Quantification of the mean myofiber cross-sectional area in normal rectus muscles compared with all the muscles from patients with infantile nystagmus. The mean values are not statistically significantly different. Mean myofiber area for the child control muscle is displayed separately for comparative purposes. Because there were only 2 such muscles, both from 1 donor, no comparative statistics were performed. However, the mean values overlap, strongly suggesting that there is no difference between the aggregated control muscles and the control muscles from the child donor. Error bars represent SE.

Figure 3

Histograms of myofiber size demonstrating increased heterogeneity of myofiber cross-sectional areas in muscles from patients with infantile nystagmus. A, Histogram of myofiber cross-sectional areas from medial rectus muscles from 1 control (case 2) and 1 patient with infantile nystagmus (patient 5). The y-axis is in log₁₀. B, Histogram of aggregated myofiber cross-sectional areas from extraocular muscles from controls and patients with infantile nystagmus. The y-axis is in log₁₀.

Figure 4

Central nucleation in controls and in patients with infantile nystagmus. A, Hematoxylin-eosin–stained cross section obtained from the medial rectus muscle of a patient with infantile nystagmus (patient 10). Arrows indicate myofibers with central nucleation. Bar is 20 μm. B, Quantification of the percentage of myofibers with central nucleation in normal rectus muscles compared with muscles from patients with infantile nystagmus. The 2 muscles obtained from the 7-year-old control are depicted separately to demonstrate their similarity with data from the adult control muscles; however, for statistical analysis, all the control muscles were pooled. *P≤.05. Error bars indicate SE.

Figure 5

Sections from controls, patients with infantile nystagmus, and a patient with vertical strabismus that have been immunostained for the presence of Schwann cell myelin.
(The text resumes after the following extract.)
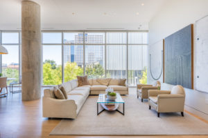 The 17,000-square-foot amenity level features private wine storage, a resort-style lap pool, fitness studio, private dog park with grooming station and even a putting green. Residents of this exclusive building get to enjoy a full-service indoor and outdoor kitchen, access to private dining and entertainment spaces — plus all the services and amenities from the adjacent Hall Arts Hotel.

A, Typical appearance of muscle from a patient with infantile nystagmus showing extremely sparse innervation (n=10). B, Typical appearance of myelinated nerve fiber content in control extraocular muscles (n=10). C, Typical appearance of myelinated nerves from a patient with vertical strabismus (n=1). Bars are 20 μm. D, Quantification of mean Schwann cell area per total muscle area from controls (n=10), a child control (n=1), and patients with infantile nystagmus (n=10). The 2 muscles obtained from the 7-year-old control are depicted separately to demonstrate their similarity with data from the adult control muscles; however, for statistical analysis, all the control muscles were pooled. *P≤.05. Arrows indicate Schwann cell–positive nerve bundles; error bars, SE.

Figure 6

Quantification of mean nerve fiber area per total muscle area from controls (n=10) and patients with infantile nystagmus (n=10). The 2 muscles obtained from the 7-year-old control are depicted separately to demonstrate their similarity with data from the adult control muscles; however, for statistical analysis, all the control muscles were pooled. *P≤.05. Error bars represent SE.

Figure 7

Immunostaining for visualization of neuromuscular junctions. Three-dimensional reconstructions of the neuromuscular junctions from the rectus muscles of a patient with infantile nystagmus (A) and a control monkey (B), with the monkey muscle having the same length as the human muscle selected. Each red dot represents 1 neuromuscular junction. Every 10th section was analyzed morphometrically. C, Quantification of the density of neuromuscular junctions from rectus muscles from controls (n=10) and patients with infantile nystagmus (n=10). *P≤.05. Error bars represent SE.